§ **EXERCISE INPUT**:

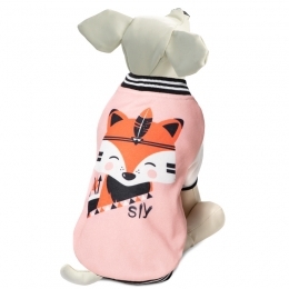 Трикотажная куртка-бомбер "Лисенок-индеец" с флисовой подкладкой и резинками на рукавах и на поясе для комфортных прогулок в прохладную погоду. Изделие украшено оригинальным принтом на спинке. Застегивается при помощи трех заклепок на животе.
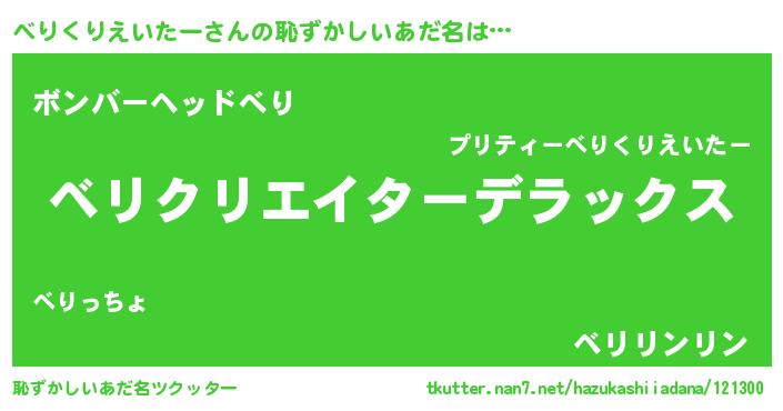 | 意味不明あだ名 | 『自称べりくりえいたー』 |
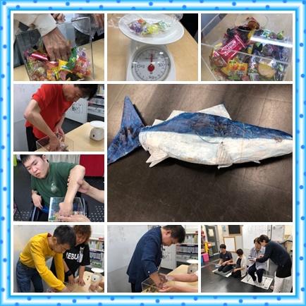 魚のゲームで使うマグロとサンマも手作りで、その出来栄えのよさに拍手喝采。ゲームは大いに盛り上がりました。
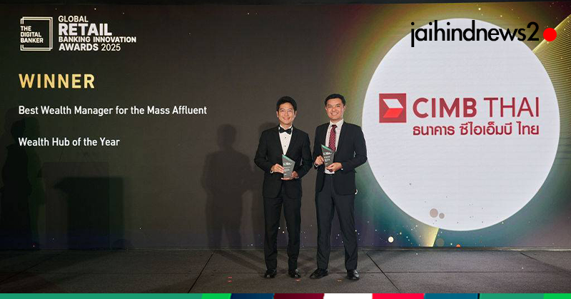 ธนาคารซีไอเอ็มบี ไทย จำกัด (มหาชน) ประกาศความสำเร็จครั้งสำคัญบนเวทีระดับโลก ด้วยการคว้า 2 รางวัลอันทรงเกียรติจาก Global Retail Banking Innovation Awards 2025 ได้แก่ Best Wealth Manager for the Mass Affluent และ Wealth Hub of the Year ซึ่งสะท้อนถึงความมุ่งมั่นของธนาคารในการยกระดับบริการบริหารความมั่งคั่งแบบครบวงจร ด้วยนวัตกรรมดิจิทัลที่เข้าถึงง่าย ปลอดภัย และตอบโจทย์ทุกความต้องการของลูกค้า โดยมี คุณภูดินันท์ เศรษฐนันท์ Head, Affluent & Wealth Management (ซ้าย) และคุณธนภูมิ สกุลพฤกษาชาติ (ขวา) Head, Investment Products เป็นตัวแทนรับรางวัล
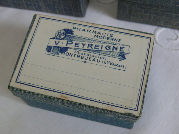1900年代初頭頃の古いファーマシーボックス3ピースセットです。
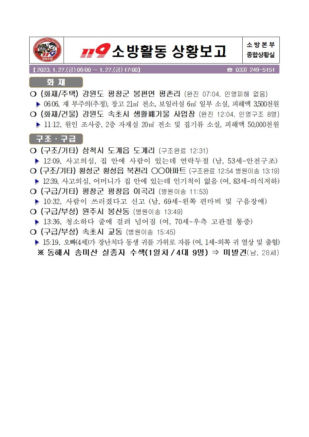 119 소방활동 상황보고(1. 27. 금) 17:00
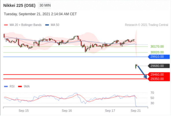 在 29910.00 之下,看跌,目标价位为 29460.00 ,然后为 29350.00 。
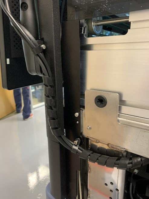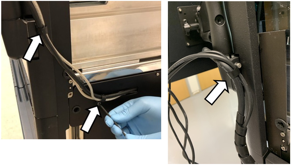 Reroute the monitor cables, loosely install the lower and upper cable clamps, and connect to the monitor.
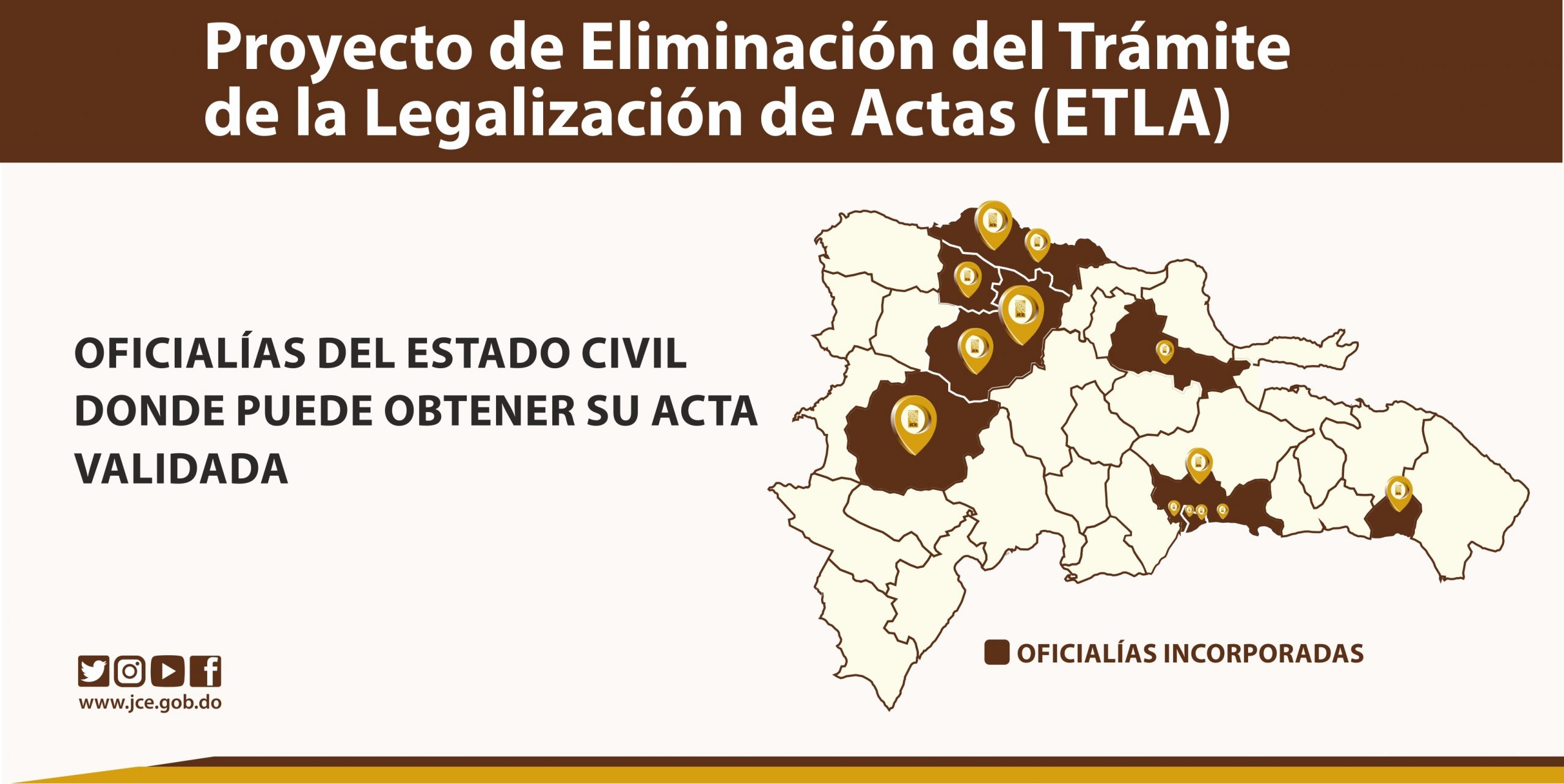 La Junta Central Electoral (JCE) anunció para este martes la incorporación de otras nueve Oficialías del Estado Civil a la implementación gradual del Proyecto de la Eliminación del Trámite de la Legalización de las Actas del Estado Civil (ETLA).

§ **REQUIRED ACTION**: Although the records above contain pictures, the copy must not; set down exactly the lines from the one with "ธนาคารซีไอเอ็มบี ไทย จำกัด" up to and including the one with "在 29910.00 之下,看跌,目标价位为".

§ **ANSWER FOR THIS EXERCISE**:
 ธนาคารซีไอเอ็มบี ไทย จำกัด (มหาชน) ประกาศความสำเร็จครั้งสำคัญบนเวทีระดับโลก ด้วยการคว้า 2 รางวัลอันทรงเกียรติจาก Global Retail Banking Innovation Awards 2025 ได้แก่ Best Wealth Manager for the Mass Affluent และ Wealth Hub of the Year ซึ่งสะท้อนถึงความมุ่งมั่นของธนาคารในการยกระดับบริการบริหารความมั่งคั่งแบบครบวงจร ด้วยนวัตกรรมดิจิทัลที่เข้าถึงง่าย ปลอดภัย และตอบโจทย์ทุกความต้องการของลูกค้า โดยมี คุณภูดินันท์ เศรษฐนันท์ Head, Affluent & Wealth Management (ซ้าย) และคุณธนภูมิ สกุลพฤกษาชาติ (ขวา) Head, Investment Products เป็นตัวแทนรับรางวัล
1900年代初頭頃の古いファーマシーボックス3ピースセットです。
 119 소방활동 상황보고(1. 27. 금) 17:00
 在 29910.00 之下,看跌,目标价位为 29460.00 ,然后为 29350.00 。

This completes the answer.